There are a number of possible explanations have been documented in the literature why OKC recur so frequently and require meticulous surgical planning and execution. The first of these is related to their tendency to multiplicity in some patients, including the occurrence of satellite cysts which may be retained during an enucleation procedure. In case the enucleation procedures are incomplete, some instances of recurrence may be new cysts arising from retained satellite microcysts or retained mural cell islands. Moreover, the OKC linings mucosas are very thin and fragile, particularly when the cysts are large, and are therefore more difficult to enucleate than cysts with thick walls. Portions of the lining may be left behind and constitute the origin of a recurrence. The recurrences were exceptionally infrequent if the cyst was enucleated in one piece but occurred in over half of the cases when the cyst was removed in several pieces. Nevertheless, an endeavor to save vital adjacent teeth during the procedure may lead to incomplete eradication and therefore to future recurrence of the lesion. [26]

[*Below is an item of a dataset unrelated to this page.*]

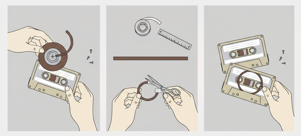カセットテープを活用した究極のクリエイティブがカセットテープ・ループです。テープを物理的に切り貼りし、無限に同じフレーズを繰り返す楽器へと改造します。
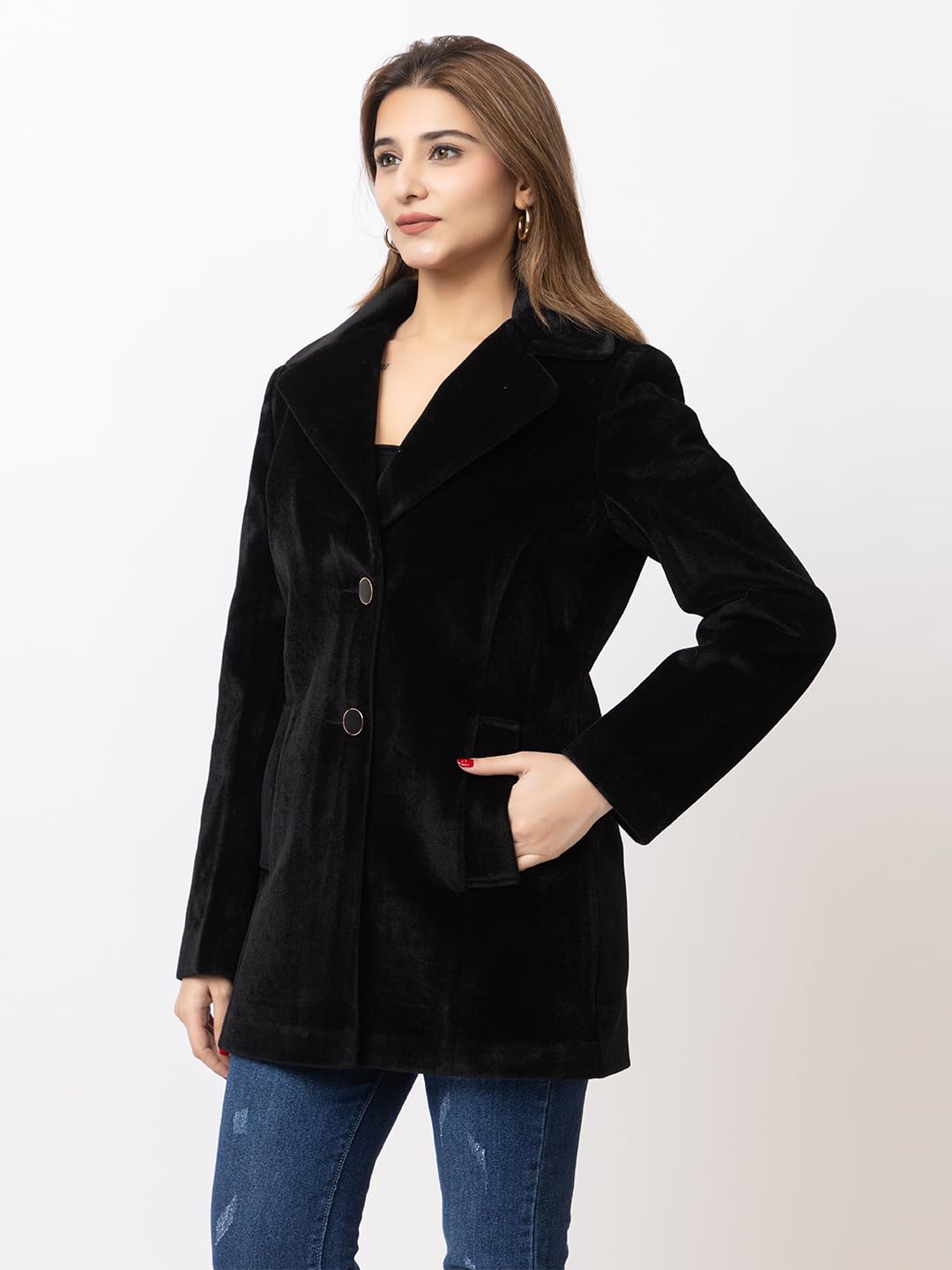 Eleveight Women Notch Lapel Collar Traditional Coat With Two Buttons, Two Diagonal pockets. Feel the warmth in the chilly winter & lend in style with this woolen coat from the house of Eleveight. This beautiful piece can belayered over any casual to formal attire while going out.

Conclusion and future perspective

NBCCS is a genetic complex of the abnormalities transmitted as an autosomal dominant trait. Apart from the various characteristic features of NBCCS including cutaneous and skeletal abnormalities, most distinguished and characteristic cutaneous manifestation is nevoid basal cell carcinoma. It is imperative to note that the dental professional may be the first to come across and identify this syndrome when the multiple cyst like radiolucencies are discovered on routine radiographs of the jaws. Therefore, for the correct follow-up and management of the case, the patient must be referred to a clinical geneticist for counseling. The family persons of patients with NBCCS have to be thoroughly examined for the genetic basis as it is inherited as an autosomal dominant disorder. Some accustomed guidelines for the follow-up period include the following: Neurological examination twice yearly, cerebral magnetic resonance imaging once in a year for 1-7 years of age, orthopantomogram every 12-18 months starting at the age of 8 years, yearly skin examination and cardiologic examination according to the signs and symptoms. Conversely, there is a significant lack of scientific literature that could authenticate the exact etiology and frequent recurrent of OKC in NBCCS. However, we look forward to have some long term clinical studies with detailed molecular and gene analysis that could precisely establish some reliable clinical guidelines in this regards.